Past
Duration 08.10.2014 – 11.01.2015
Curated by Marlies Wirth
With the exhibition Grand Central, Valentin Ruhry opens up associative realms for reflection on the sociocultural process of change that was initiated by the Internet as the dominant utopia of our time and offers a subtle criticism of the experiential dimension of contemporary consumer culture. For his solo exhibition at the MAK, the artist, whose work is situated between sculpture and conceptual art, developed a large-scale installation that formally and aesthetically alludes to the corporate design of product displays by international makers of digital products. With the exhibition title Grand Central, Ruhry both directly and figuratively references the topic of decentralization, an integral component of the digital world against the background of the global networking and analysis of people, products, and data through digital media and social networks. He also points to the location where one company known around the world for its computer technologies has operated one of its largest stores since 2011: Grand Central Terminal in New York, which is frequented by 750,000 people daily.

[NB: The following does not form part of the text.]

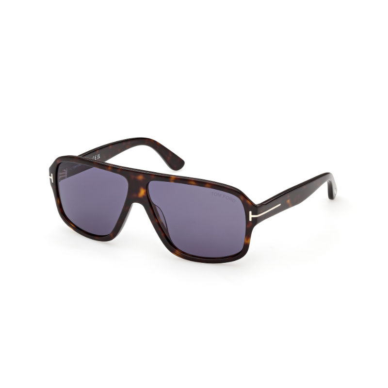Montatura dalla forma navigator avana scura con lente blu scuro tinta unita

With the almost sacred quality of their product displays, the seductive aesthetics of their products, and the ostensibly self-evident nature of their presence amid large expanses of public space, corporations—particularly those that produce digital innovations—subliminally play with consumer desire. In his minimalist installation, Ruhry addresses the subtle displays found in these stores and presents a selection of everyday objects cast in aluminum from the context of the train station in place of digital devices. Made abstract due to their materiality and elevated as unique items, their auratic presentation simultaneously enhances them and separates them from their original utility and commercial value. The emotional, affirmative messages of companies in the digital sector cause their customers to overlook the fact that by buying a product or joining a network, not only are they giving up control over their own identity and personal information, but they are also contributing to the closed loop of an increasingly independent market.

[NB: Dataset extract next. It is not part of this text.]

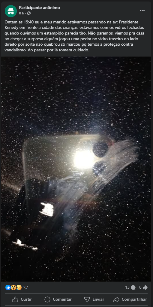 Munícipe alerta sobre ataques à carros na Avenida Presidente Kennedy
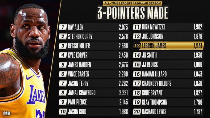詹姆斯生涯常规赛三分命中数超越JR,升至历史第13位

During a stay of several months in the United States before the exhibition at the MAK, the artist continued his studies in current socioeconomic topics such as decentralized markets, alternative currencies, Bitcoin, startups, the sharing economy, regulated markets, and the “new” art market. In this context, Ruhry points to the development of a new, anarchic spirit of capitalism, which he links to the Austrian economist and politician Joseph Schumpeter (1883–1950) and the idea of “creative destruction,” according to which all economic development is only possible through the continual displacement and destruction of existing forms of production. This also pertains to the increasingly frequent updates that make existing products obsolete as well as the concept of “sharing,” which blurs the boundaries of property in the context of the sharing economy and the collaborative commons and drives individuals into precarity through mechanisms of self-commercialization.
Two new light works by the artist, Zen for LED-TV and 4 out of 5 (both 2014), also took shape as part of his examination of a society of mutual evaluation in which actions are increasingly being economized. This dissolution of the division between producers and consumers finds a dystopian future in the current discourse about the contemporary novel The Circle (2013) by Dave Eggers and is reflected in the work of the Canadian philosopher Marshall McLuhan, who predicted the World Wide Web as a “global village” nearly thirty years before it was invented. In the context of networks, big data, and the increasing monopolization and politicization of previously decentralized networks, Ruhry references the computer scientist Joseph Weizenbaum, whose visionary book Computer Power and Human Reason (1977) he integrates into the exhibition in reference to the boundaries of the relationship between humans and machines.